It’s been remarkable to me to see the level of excitement generated by the World Bank’s early efforts to “mash-up” the location of development projects within countries with MDG indicators like infant mortality, attended child births, and malnutrition. Being able to visualize correlations between poverty and the location of development projects is sometimes surprising, often encouraging and never uninteresting.
Why are health projects concentrated in parts of country X where life expectancy is high? Where are the water and education projects in country Y in districts with the highest rates of under 5 mortality? The answers are seldom straightforward but good data and simple visualizations can provoke good questions, healthy debates and animate stories of what’s going on. Some will be stories worth celebrating for replication and others will be about lessons learned and things to avoid.
But getting caught-up in the mapping narrative almost misses the point.
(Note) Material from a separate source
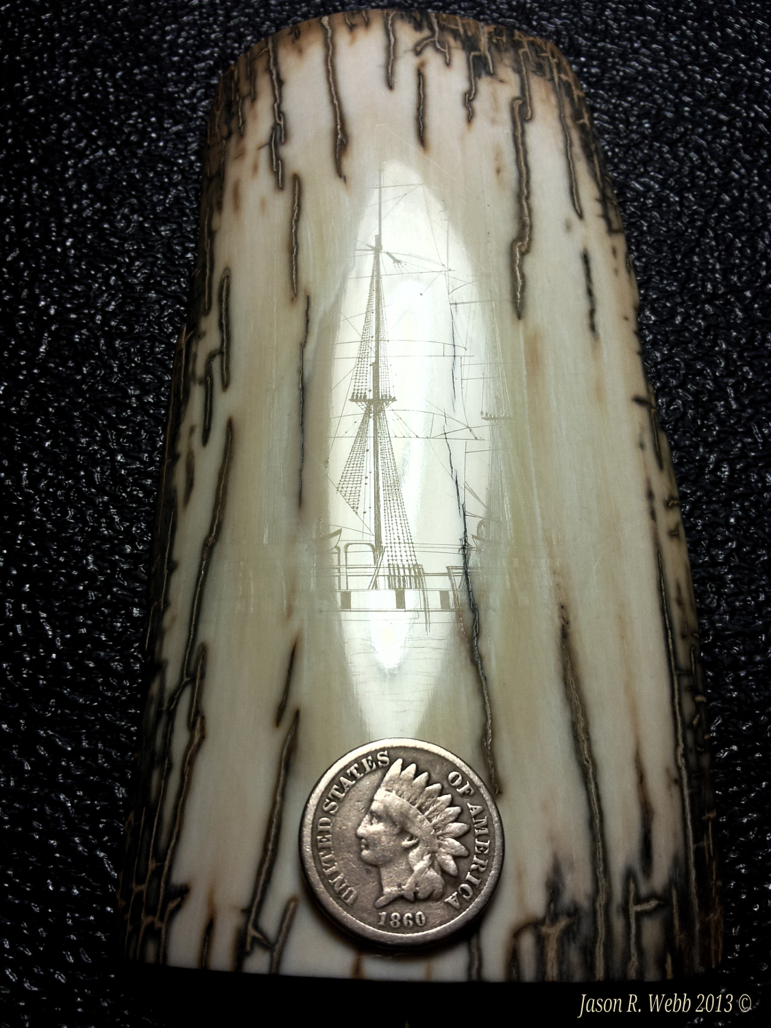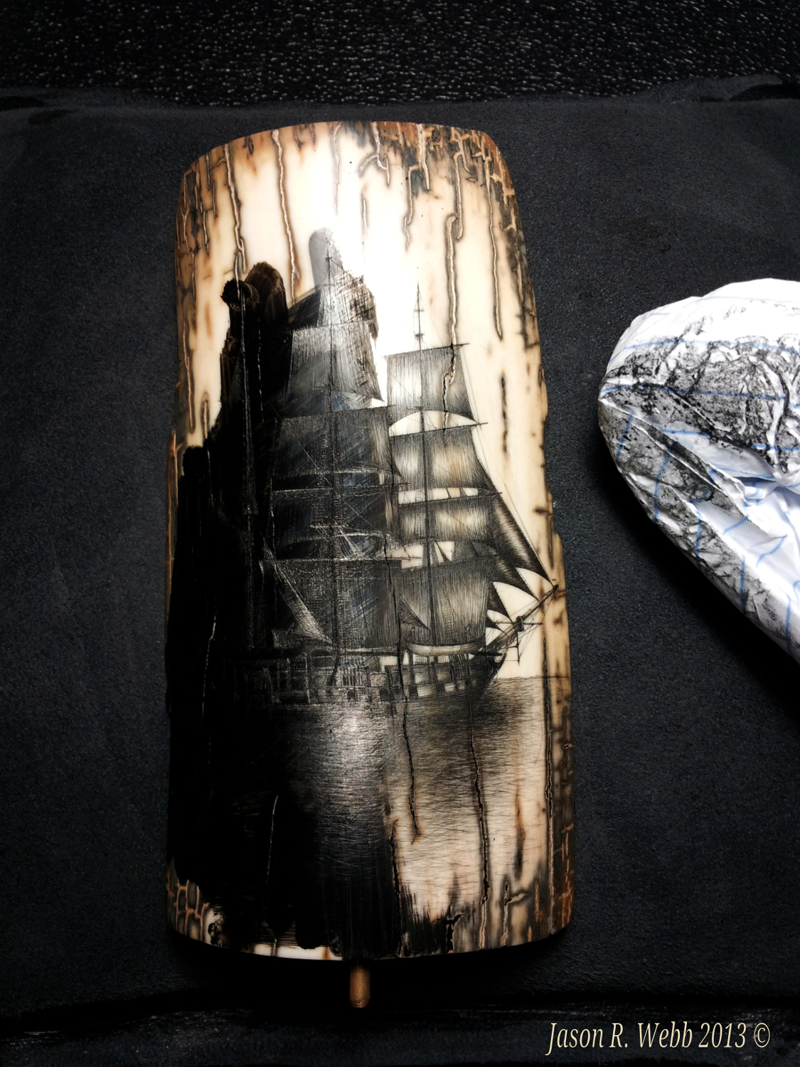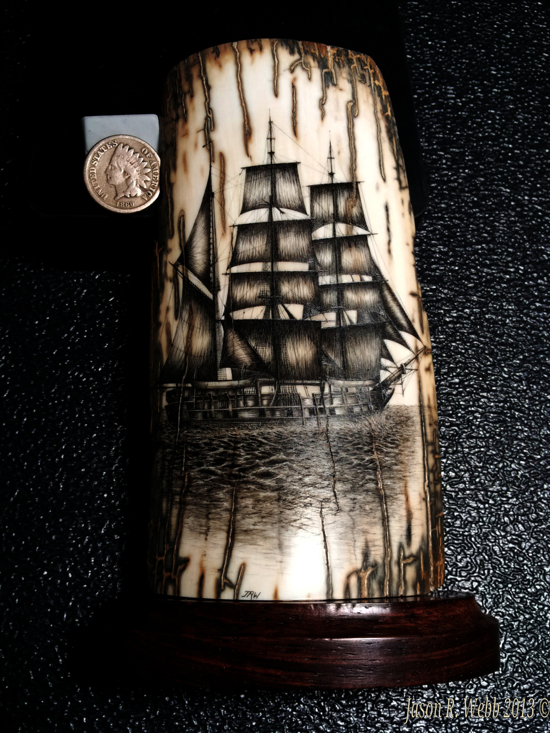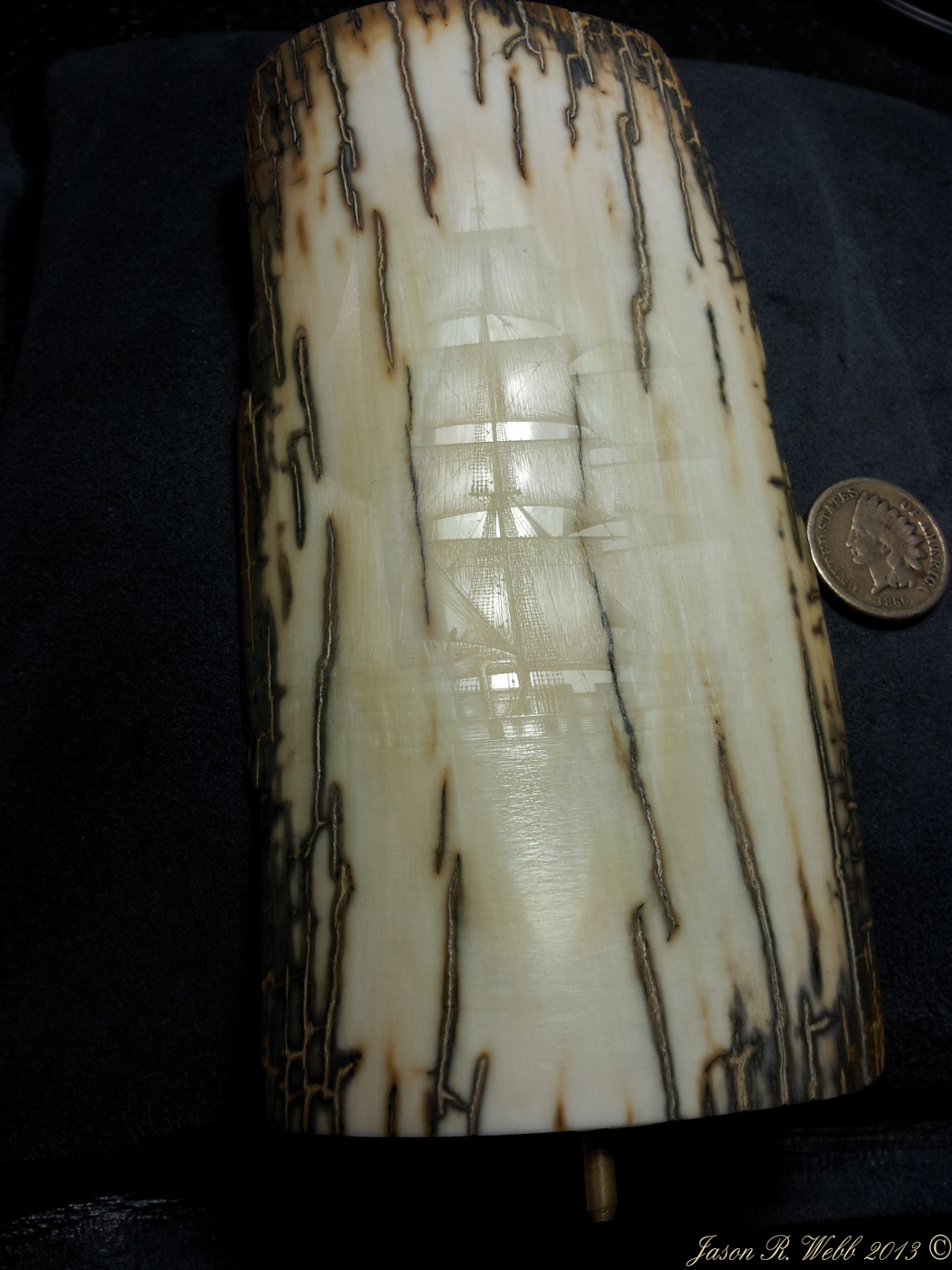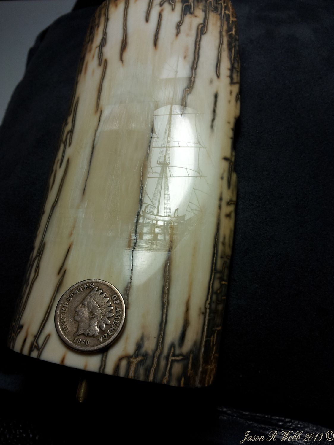 In 2013 Jason entered the piece into the International Scrimshaw Competition held in Wickford, Rhode Island, an annual scrimshaw competition.

In a geo-enabled world, many people can create maps and different maps will tell different stories. The key is liberating the underlying data that allows people to create maps in the first place. That’s what has started at the World Bank and where Mapping for Results goes beyond traditional GIS and mapping projects. It’s about geo-enabling the Bank and creating the foundational data that will allow for all kinds of analysis, better planning, better monitoring, and eventually direct engagement with citizens based on actual data.
Disparities within countries (or uneven development) is often more stark than disparities between countries. India and China may be experiencing extraordinary rates of economic growth in the aggregate but what about parts of the country that are getting absolutely or relatively poorer? Is that where aid and public expenditures are focused? Giving researchers, policy makers, media, and civil society groups access to the underlying data and tools to understand data are both critical in promoting increased levels of transparency, accountability, and collaboration in making public services work better.
As much as I love maps and love seeing what our early geo-efforts show (including raising more questions than they answer), what really excites me is the possibility of others taking our geo-referenced data and creating countless maps, apps, analyses, and other mash-ups based on the data we’ve released to the world.